[Data for analysis]:
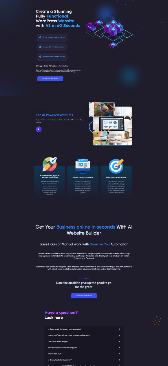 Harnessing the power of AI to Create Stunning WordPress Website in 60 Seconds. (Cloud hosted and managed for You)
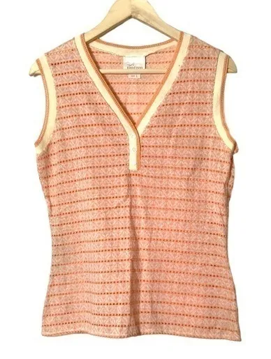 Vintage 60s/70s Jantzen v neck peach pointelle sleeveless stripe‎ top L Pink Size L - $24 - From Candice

==

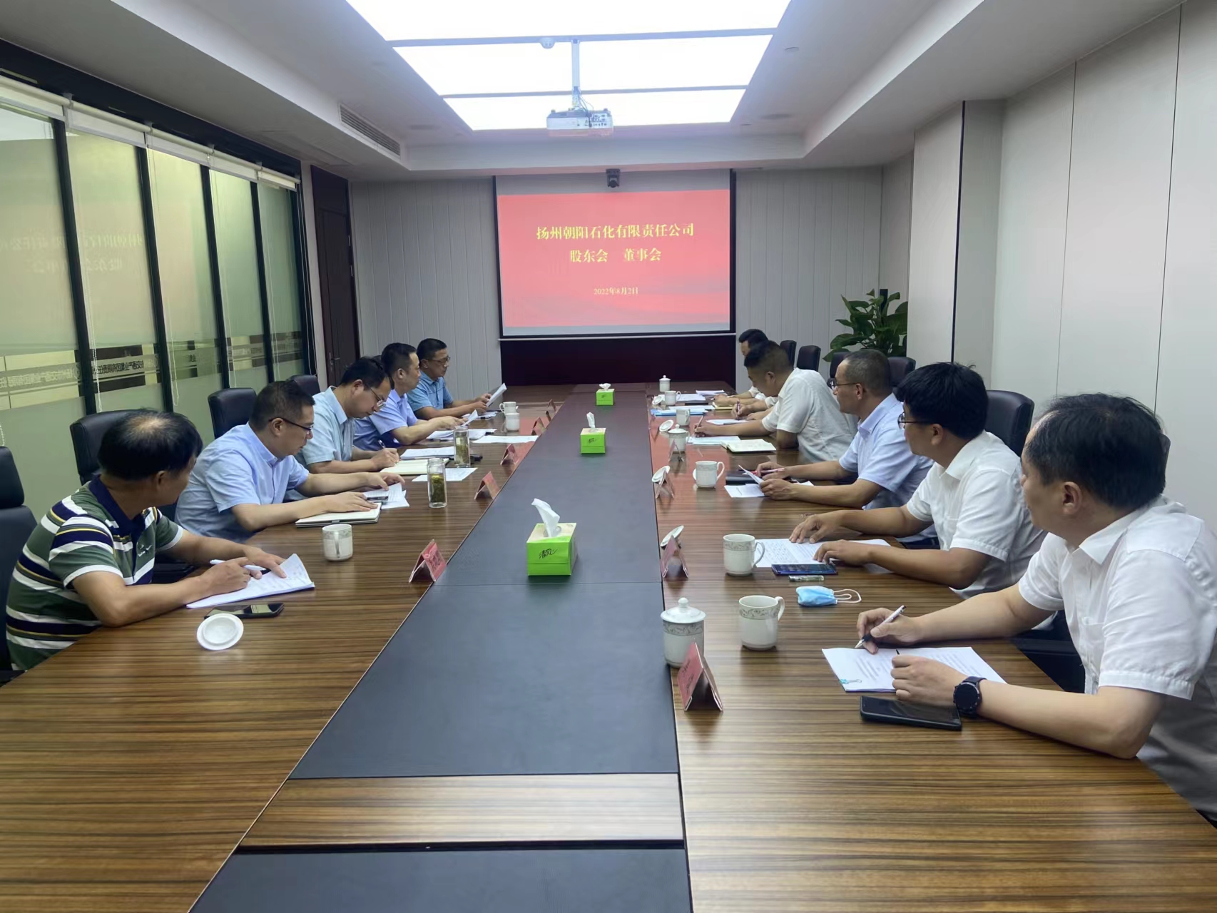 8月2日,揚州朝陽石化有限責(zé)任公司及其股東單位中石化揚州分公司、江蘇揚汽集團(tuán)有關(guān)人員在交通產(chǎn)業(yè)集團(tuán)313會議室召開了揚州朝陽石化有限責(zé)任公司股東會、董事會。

[Your goal]: Everything above from the line containing "Harnessing the power" down to the line containing "Vintage 60s/70s Jantzen" is to be duplicated exactly, both lines included, and the pictures are to be omitted.

[Exercise solution]:
 Harnessing the power of AI to Create Stunning WordPress Website in 60 Seconds. (Cloud hosted and managed for You)
 Vintage 60s/70s Jantzen v neck peach pointelle sleeveless stripe‎ top L Pink Size L - $24 - From Candice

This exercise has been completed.